|Theory and Computation for Understanding the Li-air Battery|
|William A. Shelton, Pacific Northwest National Laboratory|
|Associate Director of Computing, Environmental Molecular Sciences Laboratory|
|Tureaud Hall 206
October 11, 2012 - 01:30 pm
With increasing emphasis on vehicle electrification and on distributed energy generation from renewable resources, the Li-air battery has attracted substantial research interest due to its high specific energy of 12 kWh/kg of Li whereas state-of-the-art Li-ion rechargeable batteries have theoretical specific energies around 0.16 kWh/kg of battery. Realistic estimates of the energy storage capacity that include battery components reduce this amount to ~1.7kWh/kg of battery, which is equivalent to gasoline. A serious challenge with Li-Air batteries is the sizable overpotential and sluggish rates associated with the oxygen reduction reaction by (Li-ORR) at the carbon cathode. A possible solution is to use electrocatalysts to reduce the overpotential and enhance the reaction rates, as is practiced for hydrogen fuel cells, which operate on oxygen reduction reaction by hydrogen (H-ORR). In this presentation I will go over some of the experimental findings along with simulated results where we find the trends for the intrinsic activity of Au, Ag, Pt, Pd, Ir, and Ru for the Li- ORR with respect to the adsorption of energy of oxygen.
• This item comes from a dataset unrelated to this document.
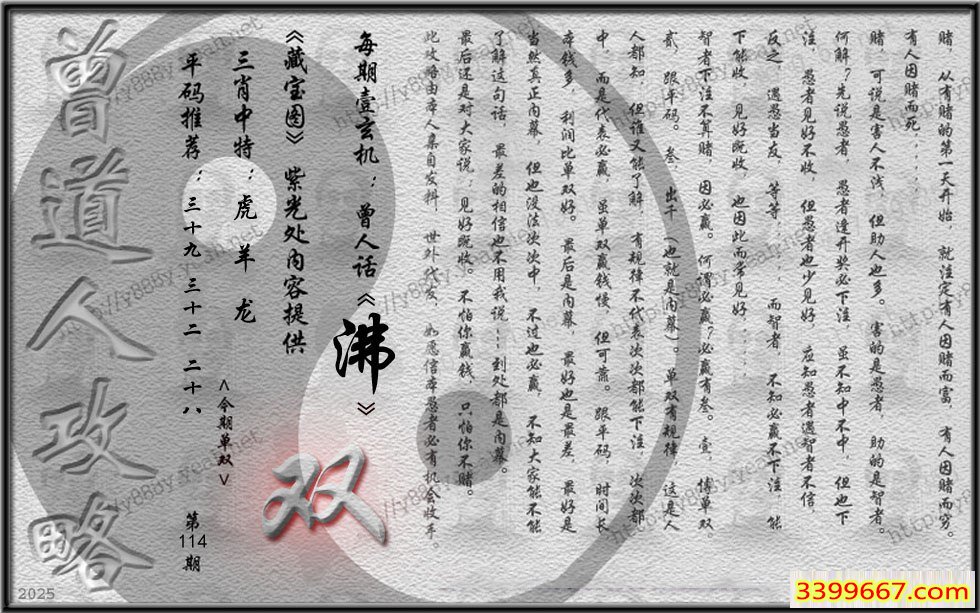 主题 :114期藏寶圖 新:不驾蒲轮左禹汤 老:闲上山来看野水 禁:狗 禁:9尾

Dr. Shelton is currently the Associate Director of EMSL—the Environmental Molecular Sciences Laboratory at Pacific Northwest National Laboratory. His primary responsibility is to lead integration experimental capabilities with computation including both numerical and data intensive computing. He received his Ph.D. in 1989 in theoretical condensed matter physics from the University of Cincinnati. Following his Ph.D. he was a National Academy of Sciences/National Research Council Postdoctoral fellow in the Complex Systems Theory Group at the Naval Research Laboratory. He then joined Oak Ridge National Laboratory as a staff scientist in 1992. Dr. Shelton was a group leader of the Computational Condensed Matter Physics group until 2001 and a Distinguished Senior Research Staff member of the Computational Chemical Sciences group prior to coming to EMSL in September 2010. The main body of his work is in the general area of disorder systems, alloy theory and surface science where he has worked on incorporating magnetic and chemical disorder including point defects, such as vacancies and antisites in both materials and chemistry.